PythonCat Note: At the Python Language Summit in May, Guido van Rossum gave a talk on “Making CPython Faster” (materials here), announcing his participation in the exciting Shannon Project, which aims to improve Python performance to 5x. Recently, Guido appeared on an English-language podcast (30 minutes long) to talk about his ongoing work on high performance and answer a few questions. The podcast author put together a summary of the content, and this article is a translation of that summary. Note: Audio and transcript available for download at the end of this article
1. Why are you interested in studying the performance of Python?
Guido: In a sense, it’s a relatively comfortable topic for me because it means dealing with the core of Python, which I’m fairly familiar with. When I was at Microsoft, I briefly focused on Azure, but I realized I didn’t like that kind of work when I was at Google or Dropbox. Then I focused on machine learning, but that took a lot of time to do things that weren’t Python related, and even the parts of it that were Python related were rare.
2. What was different about Mark Shannon’s ideas about Python performance and how did he convince you to implement them?
Guido: I like the way he thinks about things. Most other approaches that focus on Python performance, like PyPy and Cinder, don’t work for all usage scenarios because they’re not backward-compatible with extensions. between minor releases (e.g. 3.8→3.9) for a number of reasons, such as new opcodes, so modifying it is a relatively safe option.
3. Can you explain to us the concept of hierarchical execution of the Python interpreter?
Guido: When executing a program, you don’t know if it will crash after a fraction of a millisecond, or if it will run for three weeks. Because for the same code, in the first case, it might trigger a bug, and if it takes three weeks to run the program, maybe it makes sense to optimize all the code to be run half an hour in advance.
But obviously, especially in a dynamic language like Python, we do as much as we can without asking the user to tell us exactly what they need to do, you just want to start executing the code as soon as possible. So if there’s a small script, or a big program, and it happens to fail in execution or exit early for some reason, you don’t have to spend time optimizing the entire code.

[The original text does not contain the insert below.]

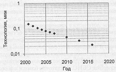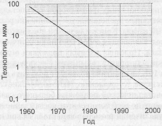 Рис 1.9. Размер минимального элемента на кристалле интегральной микросхемы
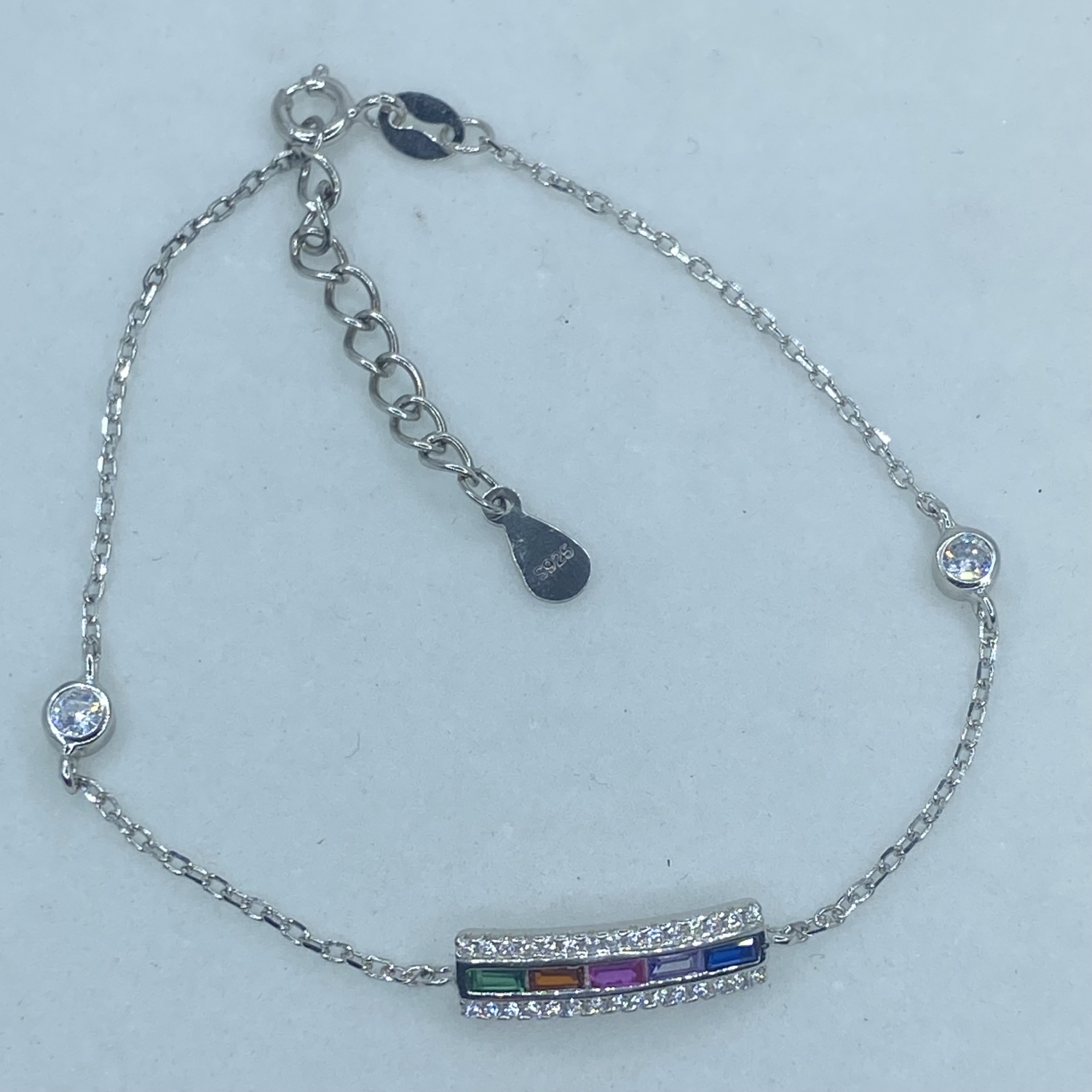 Tömör szemes,vékony,de erős karlánc színes kövekkel kirakott díszítéssel.Ródiumozott felülettel.Hossza 17 cm-től 20 cm-ig állítható.Köves,téglalap dísz mérete:17*4,8 mm,kerek dísz:3,9 mm átmérőjű

So, what we want to do is keep the bytecode compiler simple so that we can start executing the code as soon as possible. If there are certain functions that are executed multiple times, then we call them hot functions. There are various definitions of “hot”. In some cases, a function is defined as a hot function if it is called more than once, or more than twice, or more than 10 times. In other conservative cases, you might say “hot only if it is called 1000 times”.

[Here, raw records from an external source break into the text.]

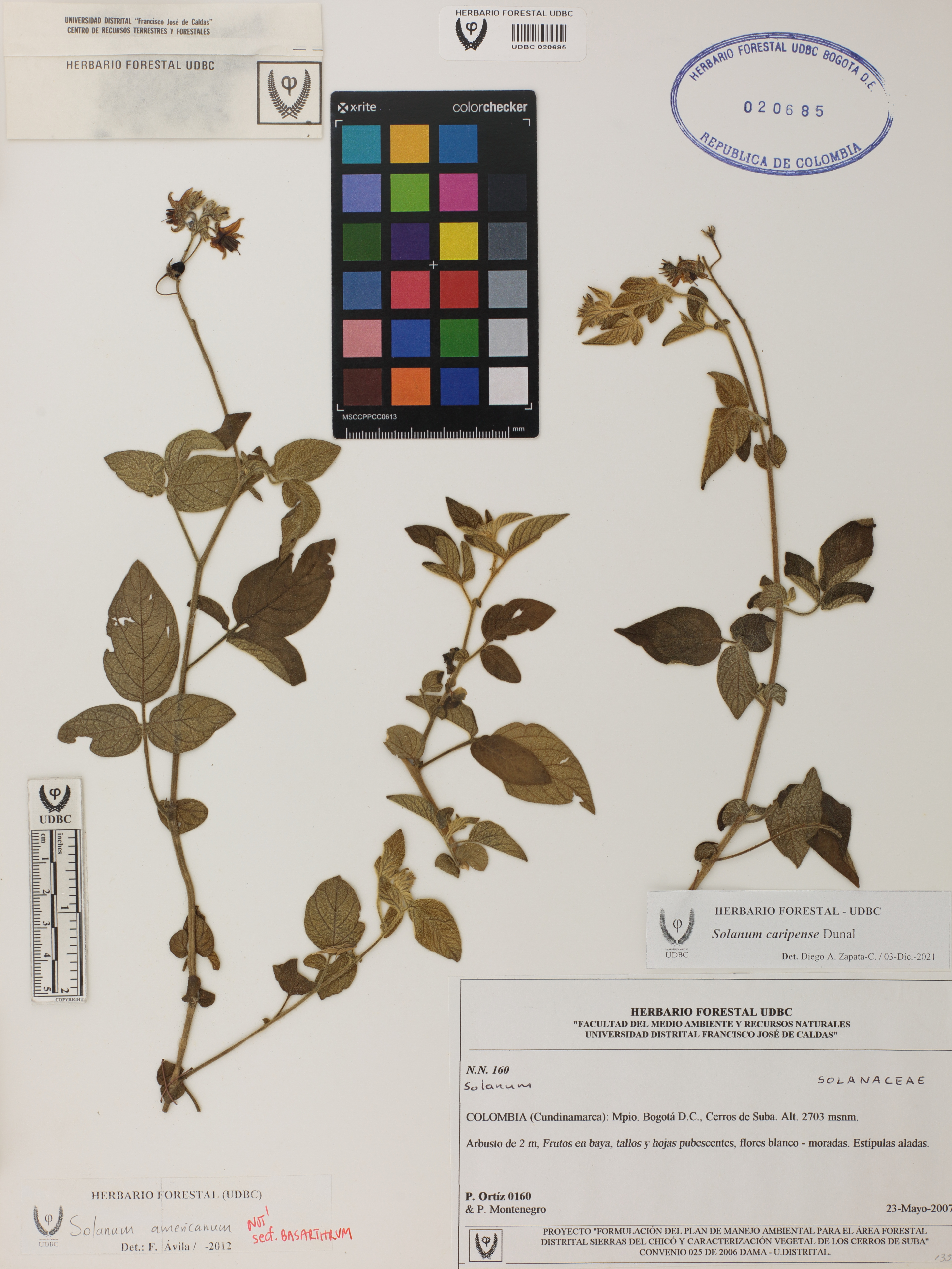 Fotografía del ejemplar Ortiz, P. 160, determinado como Solanum caripense en el año 2021
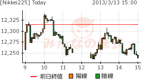 チャート的には、12250円を4回試していることから、明日は再度底固めすれば、反騰すると思われる。ただ、今日の調整は小幅で有り、12000円あたりをいつ試すことになるか気にかかるところでもある。直近の動きからは12200円以下まで下げないと再上昇には至らないと見られる・・・。
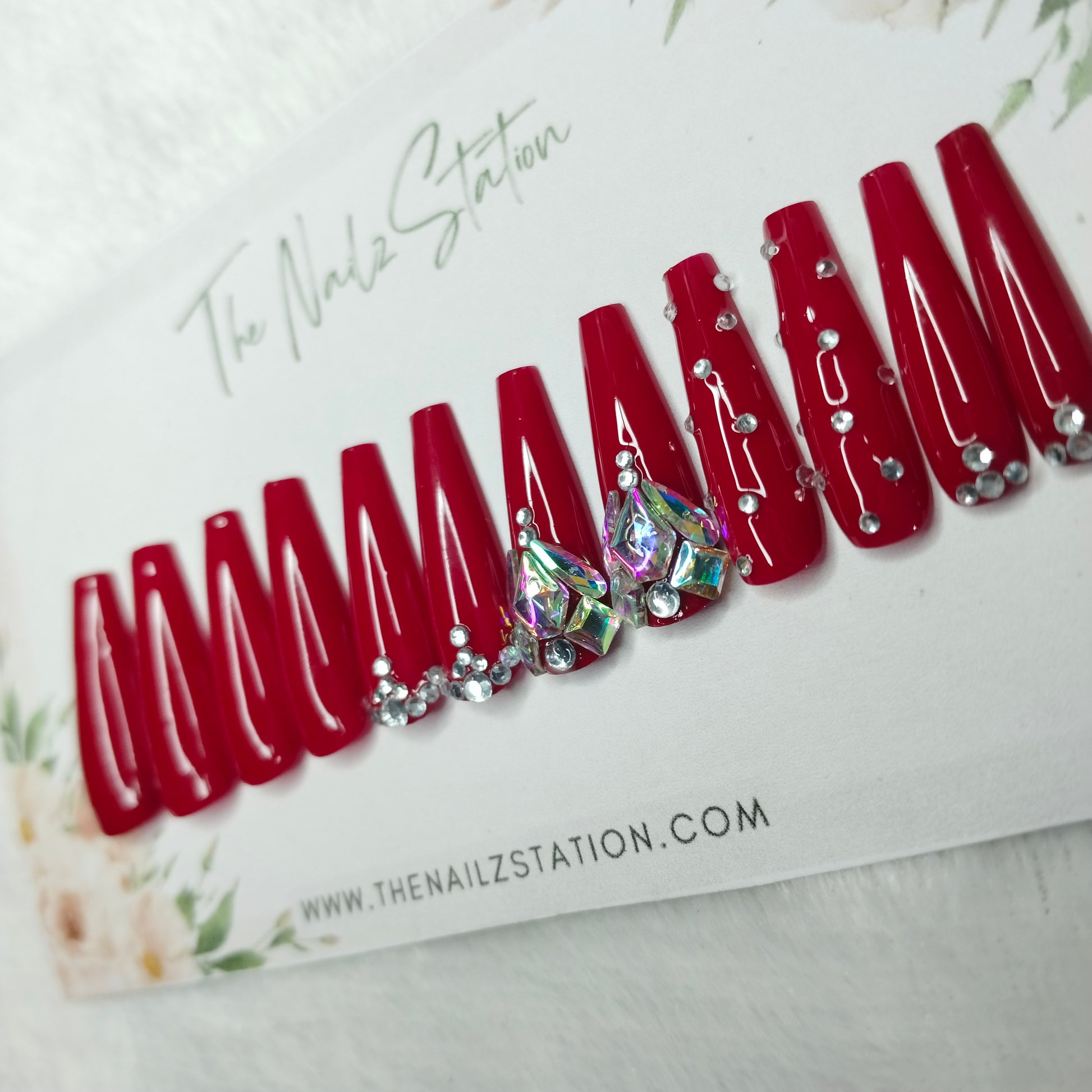 The NailzStation Glossy Red Studded Press on Fake Artificial Nails Set with glue, filer, sticker application kit // 1480
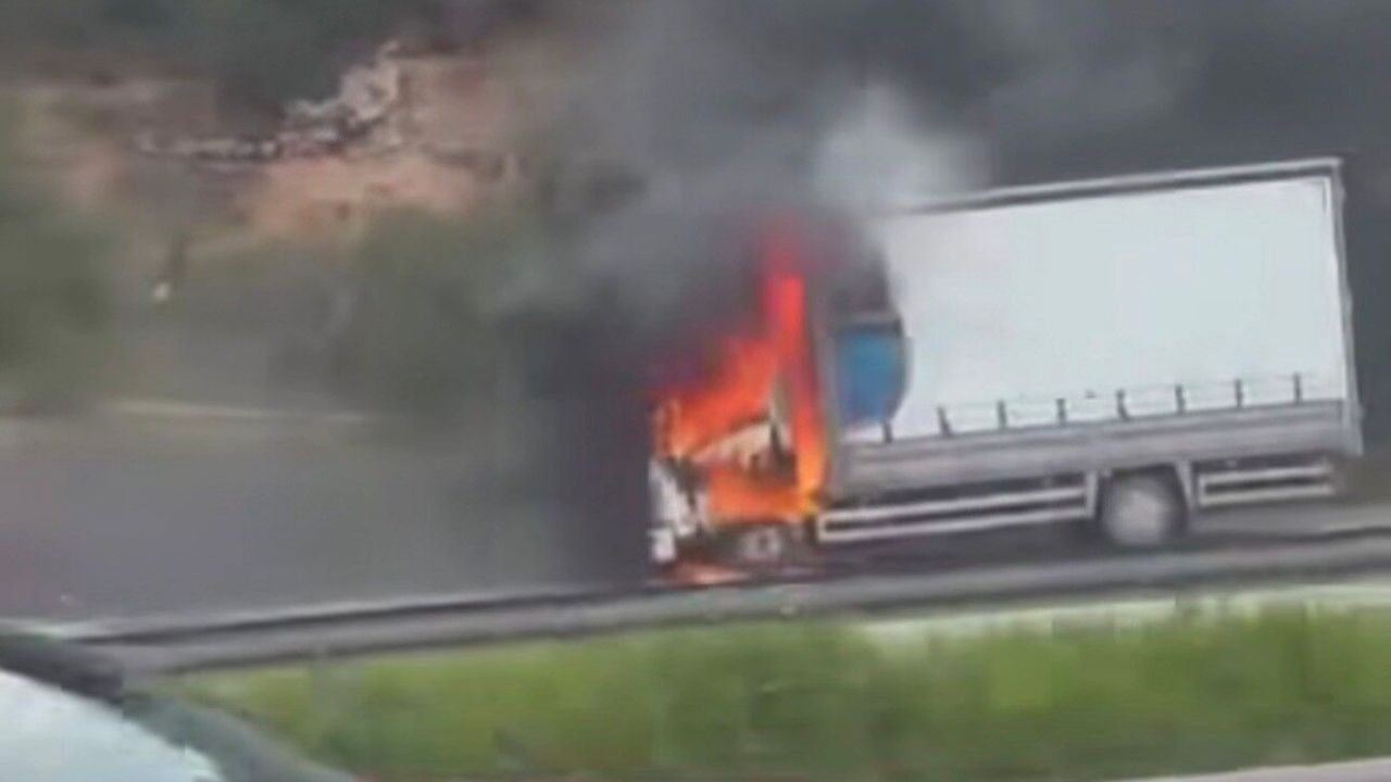 Kısa sürede büyüyen yangın kamyonu tamamen sararken, sürücü aracı yol kenarına çekerek kendini dışarı attı.
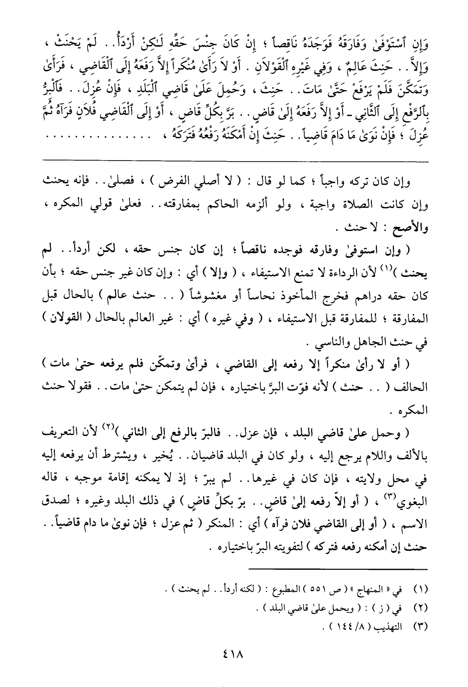 (وحمل على قاضي البلد، فإن عزل .. فالبرّ بالرفع إلى الثاني) (٢) لأن التعريف بالألف واللام يرجع إليه، ولو كان في البلد قاضيان .. يُخير، ويشترط أن يرفعه إليه في محل ولايته، فإن كان في غيرها .. لم يبرّ؛ إذ لا يمكنه إقامة موجبه، قاله البغوي (٣)، (أو إلّا رفعه إلى قاضٍ .. برّ بكلِّ قاضٍ) في ذلك البلد وغيره؛ لصدق الاسم، (أو إلى القاضي فلان فرآه) أي: المنكر (ثم عزل؛ فإن نوى ما دام قاضيًا .. حنث إن أمكنه رفعه فتركه) لتفويته البرّ باختياره.

Then, when the arguments are of certain types, the Specializing Adaptive Compiler (PEP-659 Specializing Adaptive Compiler) will try to replace some bytecode with faster bytecode. A simple hypothetical example is the plus operator in Python, which can add many objects, such as integers, strings, lists, and even tuples. However, you can’t add integers to strings.
So the optimization is to provide a separate “add two integers” bytecode, which is a second layer of bytecode hidden from the user. (The “optimization” is often referred to as speeding up quickening, but in general in our context we call it specializing). This opcode assumes that its two arguments are real Python integer objects, reads the values of those objects directly, adds the values in machine registers, and finally pushes the result back onto the stack.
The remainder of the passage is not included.